5 Still Young at Heart
This guy must've partied hard during his days and has found it impossible to let go of the past. He's soon to be a granddad but still holds on to the fleeting flame of youth. One way he does so is by expressing himself using his custom paintwork. You wouldn't know that car belongs to a middle-aged man if you never saw him driving. His kids borrow the car once in a while but are always quick to point out that their dad is the owner. The painting is nothing to write home about, as not a lot of thought went into it. The owner could've been a little bit more creative because the choice of colors was spot on.
4 Biggest Fish Truck
We've got to give it to the owner—there are some creative elements in the custom paint job.
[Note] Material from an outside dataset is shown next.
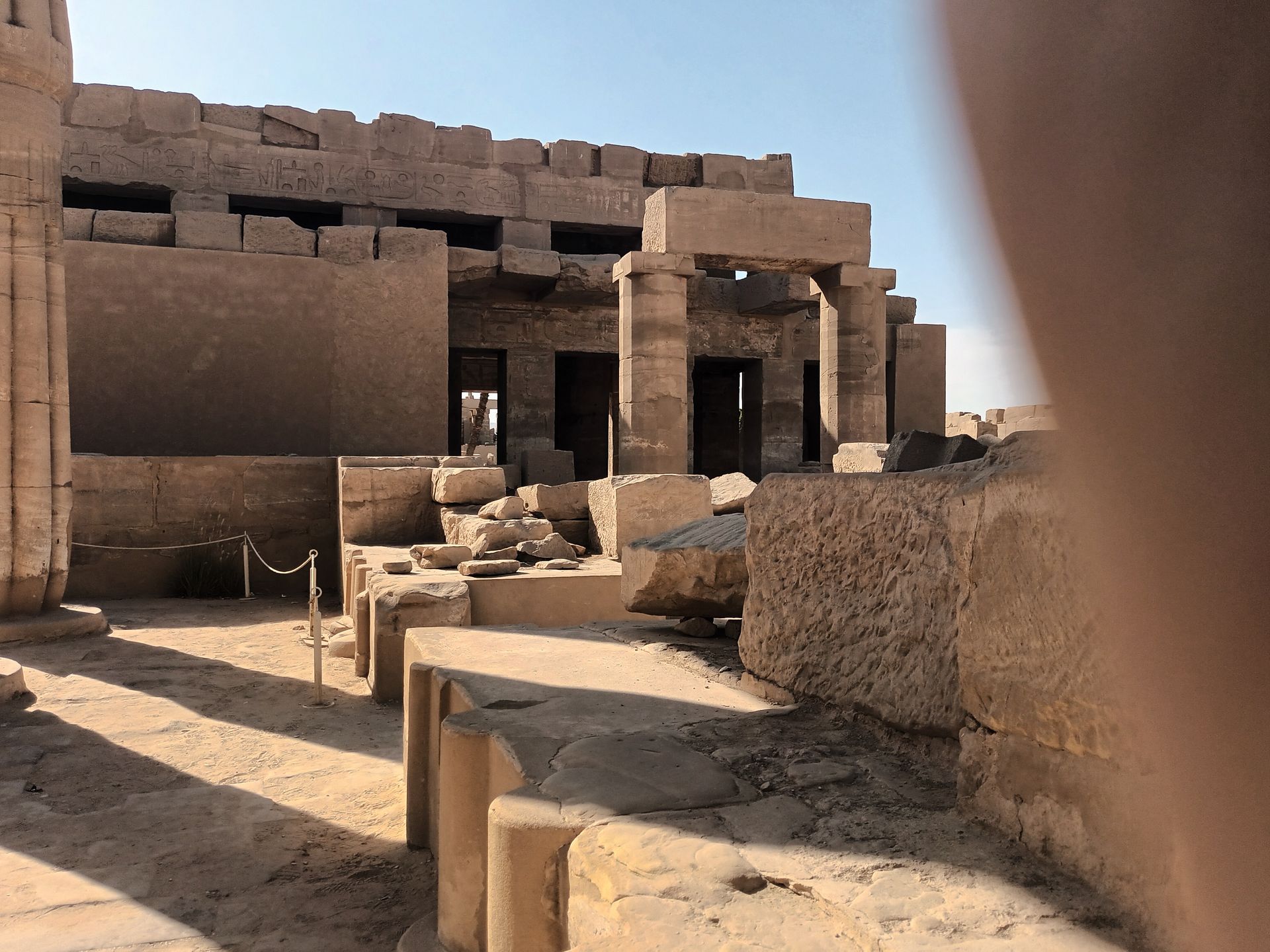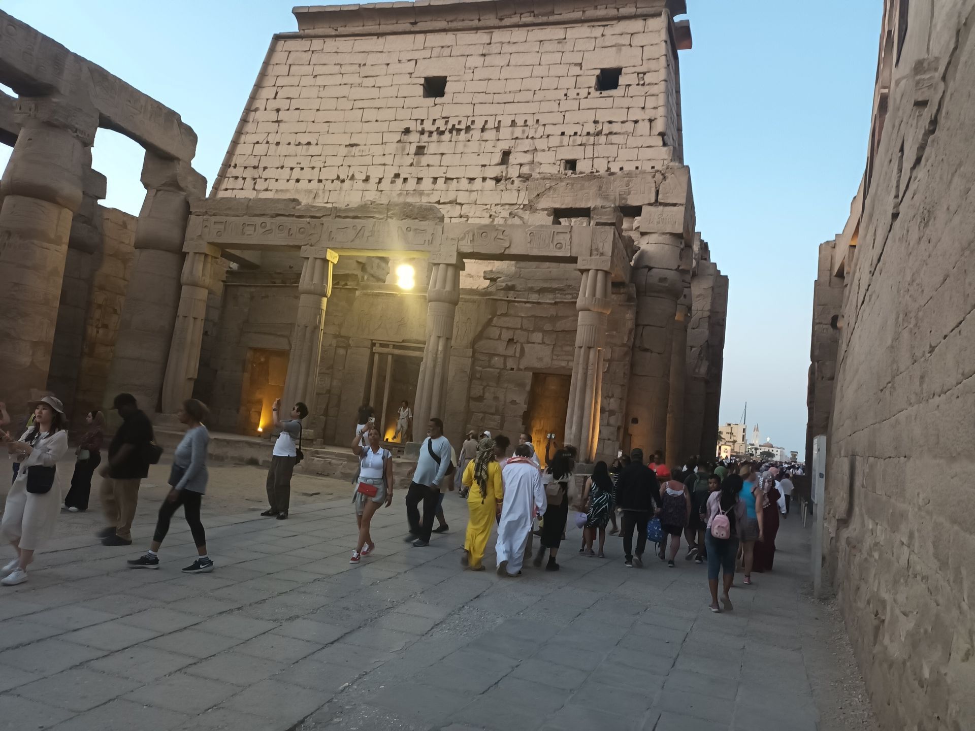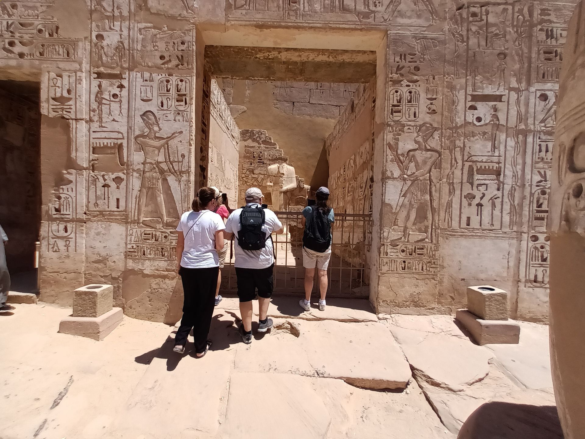 La conception "classique" du temple, avec sa cour ouverte à tous suivie d'une salle à colonnes dite "salle hypostyle" pour les nobles et d'un sanctuaire où n'entraient que les prêtres et le pharaon, donne l'occasion au guide de nous initier à l'architecture religieuse de l'Égypte antique.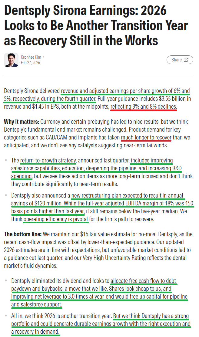 A couple of quarters of clean, consistent execution will go a long way for Dentsply, something that has been hard to come by over the past several years of operational hiccups. With the right pieces now in place, a new CEO running at full speed, and the business approaching an inflection point, it won’t take much more than modest execution and improvement to drive meaningful multiple expansion as the narrative shifts away from the troubles of the past and toward where the puck is going next.

The mouth opens up at the front tires. It takes a lot of courage to do such a custom paint job on a truck. This is the kind of thing you do when you're desperately seeking attention. It can be a confidence booster because it'll certainly attract onlookers. There are some ladies who might just find you attractive with such a weird paint job. The rear windows have been sealed completely with scales so as to be in sync with the overall design of the truck. The owner could've at least picked a different color so that it doesn't look as moronic as it does.
3 Swimming Alligators
The owner is probably obsessed with reptiles and has a bunch of them as pets. Alligators definitely don't do their thing in swimming pools, and it's hard to figure out the meaning of the design. The Lexus is yet again part of the misfortune, and it seems that the brand is prone to all kinds of abuse from the owners. I'm more than certain the custom paint job has been extended to the rear of the vehicle and probably has the alligator's tail to finish off the design. The only positive thing that could be said about the paintwork is that it looks real. An observer might think it's an alligator swimming when he's close to the bonnet of the vehicle.
2 Dragon's Dead
This guy is so bad that he actually killed a dragon in his attempt at being artistic. The dragon looks lifeless on the hood. One would think it was frozen on the bonnet when it was about to die. The disaster doesn't stop with the poor dragon. The paint job leaves very little to be desired. The green and yellow looks like a mismatch with the original color of the vehicle, which is black. You'd be surprised if the owner still has a girlfriend. It's a good thing there are still girls out there who aren't shallow and will love you for your personality. If it was down to style, this lad wouldn't have stood a chance.
1 I Still Love My Toys
It's highly unlikely that this vehicle can be allowed on the road. It has a lot going on, and it's hard to point out what exactly is wrong with it. There are toy-like animals all over the vehicle. The paint job is just off-putting. The rims haven't been spared because they adorn the consistent body color. I doubt if there's someone who'd want to ask what the model of the vehicle is after seeing it. People would be more concerned about the lunatic behind the wheel more than anything else. If there was ever an award for "Weirdest-looking Car," this one would've been a top contender. The car is ugly and has one of the worst paint jobs.